In the BBC commentary box Ron Pickering unashamedly abandons any attempt at impartiality and instead channels the yearning of millions of viewers back home.
“Now come on, Mary, you need the run of your lifetime. Keep on going. Rosendahl on the outside. Pollak is going well but she’s only a yard clear. Mary, come on! come on! You’ve got two yards to make. Rosendahl hits the tape first, Bodner second, Pollak third, Peters fourth. But is it enough?”

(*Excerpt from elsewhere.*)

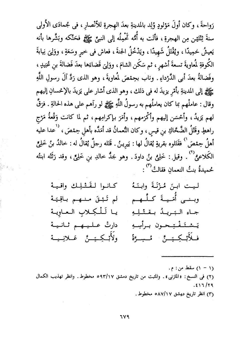 رَوَاحَةَ، وَكَانَ أَوَّلَ مَوْلُودٍ وُلِدَ بِالْمَدِينَةِ بَعْدَ الْهِجْرَةِ لِلْأَنْصَارِ، فِي جُمَادَى الْأُولَى سَنَةَ ثِنْتَيْنِ مِنَ الْهِجْرَةِ، «فَأَتَتْ بِهِ أُمُّهُ تَحْمِلُهُ إِلَى النَّبِيِّ صَلَّى اللَّهُ عَلَيْهِ وَسَلَّمَ فَحَنَّكَهُ وَبَشَّرَهَا بِأَنَّهُ يَعِيشُ حَمِيدًا، وَيُقْتَلُ شَهِيدًا، وَيَدْخُلُ الْجَنَّةَ» ، فَعَاشَ فِي خَيْرٍ وَسَعَةٍ، وَوَلِيَ نِيَابَةَ الْكُوفَةِ لِمُعَاوِيَةَ تِسْعَةَ أَشْهُرٍ، ثُمَّ سَكَنَ الشَّامَ، وَوَلِيَ قَضَاءَهَا بَعْدَ فَضَالَةَ بْنِ عُبَيْدٍ، وَفَضَالَةُ بَعْدَ أَبِي الدَّرْدَاءِ. وَنَابَ بِحِمْصَ لِمُعَاوِيَةَ، وَهُوَ الَّذِي رَدَّ آلَ رَسُولِ اللَّهِ صَلَّى اللَّهُ عَلَيْهِ وَسَلَّمَ إِلَى الْمَدِينَةِ بِأَمْرِ يَزِيدَ لَهُ فِي ذَلِكَ، وَهُوَ الَّذِي أَشَارَ عَلَى يَزِيدَ بِالْإِحْسَانِ إِلَيْهِمْ وَقَالَ: عَامِلْهُمْ بِمَا كَانَ يُعَامِلُهُمْ بِهِ رَسُولُ اللَّهِ صَلَّى اللَّهُ عَلَيْهِ وَسَلَّمَ لَوْ رَآهُمْ عَلَى هَذِهِ الْحَالَةِ. فَرَقَّ لَهُمْ يَزِيدُ، وَأَحْسَنَ إِلَيْهِمْ وَأَكْرَمَهُمْ، وَأَمَرَ بِإِكْرَامِهِمْ، ثُمَّ لَمَّا كَانَتْ وَقْعَةُ مَرْجِ رَاهِطٍ وَقُتْلُ الضَّحَّاكِ بْنِ قَيْسٍ، وَكَانَ النُّعْمَانُ قَدْ أَمَدَّهُ بِأَهْلِ حِمْصَ عَدَا عَلَيْهِ أَهِلُ حِمْصَ فَقَتَلُوهُ بِقَرْيَةٍ يُقَالُ لَهَا: يَيْرِينُ. قَتَلَهُ رَجُلٌ يُقَالُ لَهُ: خَالِدُ بْنُ خَلِيٍّ الْكَلَاعِيُّ. وَقِيلَ: خَلِيُّ بْنُ دَاوُدَ. وَهُوَ جَدُّ خَالِدِ بْنِ خَلِيٍّ، وَقَدْ رَثَتْهُ ابْنَتُهُ حُمَيْدَةُ بِنْتُ النُّعْمَانِ فَقَالَتْ:

For ten minutes they wait: officials poring over points tables, checking and double-checking their results, while the athletes stand in little huddles and the photographers swarm around. Suddenly Heide comes over and embraces Mary as the result flashes up on the board. PETERS, GBR, 4801: ROSENDAHL, GER, 4791. Ten points. Ten points is a tenth of a second, a tiny fraction of time in which gold medals are won and lost.

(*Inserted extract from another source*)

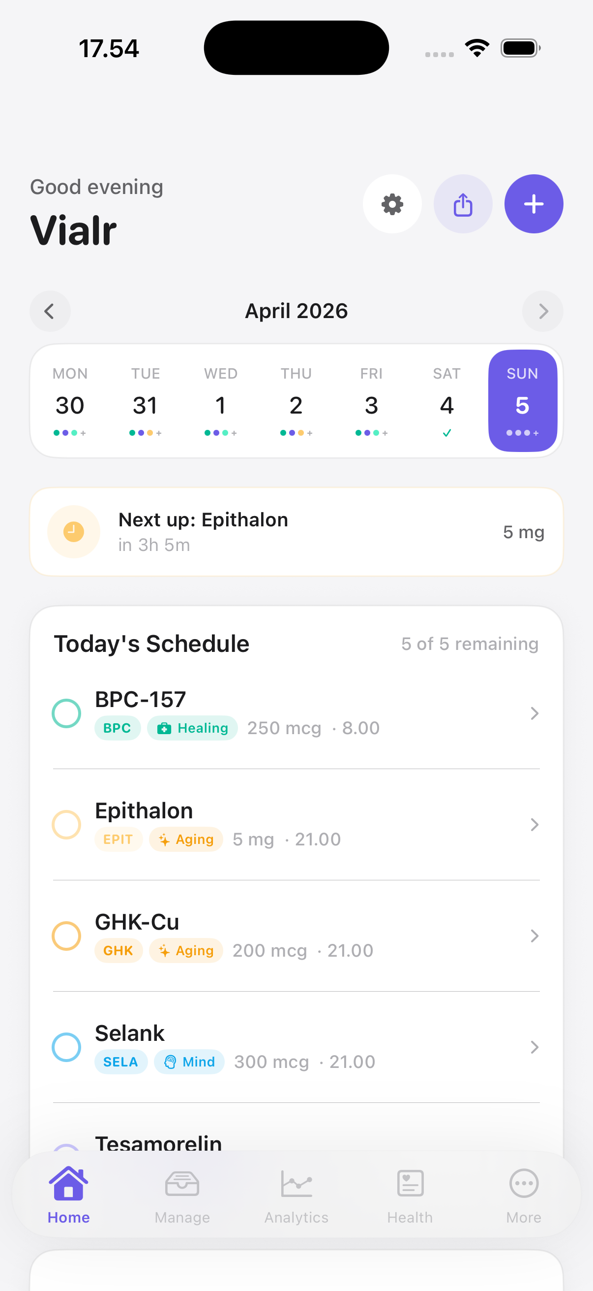Build custom protocols with flexible scheduling. Never miss a dose again.

A death threat is phoned into the BBC. “Mary Peters is a Protestant and has won a medal for Britain. An attempt will be made on her life and it will be blamed on the IRA. Her home will be going up in the near future.”

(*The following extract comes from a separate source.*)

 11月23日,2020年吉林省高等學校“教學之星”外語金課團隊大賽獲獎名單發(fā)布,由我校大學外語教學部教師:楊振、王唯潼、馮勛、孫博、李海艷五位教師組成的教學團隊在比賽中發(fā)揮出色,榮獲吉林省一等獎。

A golden balm for a troubled and divided nation
“Bollocks to that,” she says. “I’m going back to Belfast.” And when she does the city turns out to welcome her: a golden balm for a troubled and divided nation, just as she wanted. “I won it for you,” she tells the crowd, “and I’ve brought it back for you.” she was offered jobs in the United States and Australia, but refused both. “I wouldn’t be happy. My family is the Northern Ireland people.”
She set up a trust in her name to support talented young sportsmen and women from across Northern Ireland. To date it’s helped more than 4,000 people, some of whom have gone onto stardom: golfers Darren Clarke, Graeme McDowell and Rory McIlroy, rugby player David Humphreys and boxer Carl Frampton.
She became British athletics team manager, the perfect mix of mother hen and sergeant-major, knowing instinctively who needed an arm round their shoulder and who a kick up the arse. More than one athlete in her charge owed their medal to a Mary P pep talk just before the off.
She championed the cause of women in sport, and in her footsteps as the best multi-event athlete in the world have come Denise Lewis, Jessica Ennis-Hill and Katarina Johnson-Thompson. She went into schools and spoke to children. She served as Lord Lieutenant of Belfast for five years, and at the track where she once trained she is immortalised in a bronze statue.
She’s now in her eighties but has the energy and enthusiasm of someone half her age: and she still, as she always did, knows the value of things rather than their price. “I’ll never be rich, I’ll never be able to afford exotic holidays, but the greatest pleasure I’ve had from my success is in being able to help other people.”
Lady Mary Peters. Olympic champion. National treasure. And gold, in every way.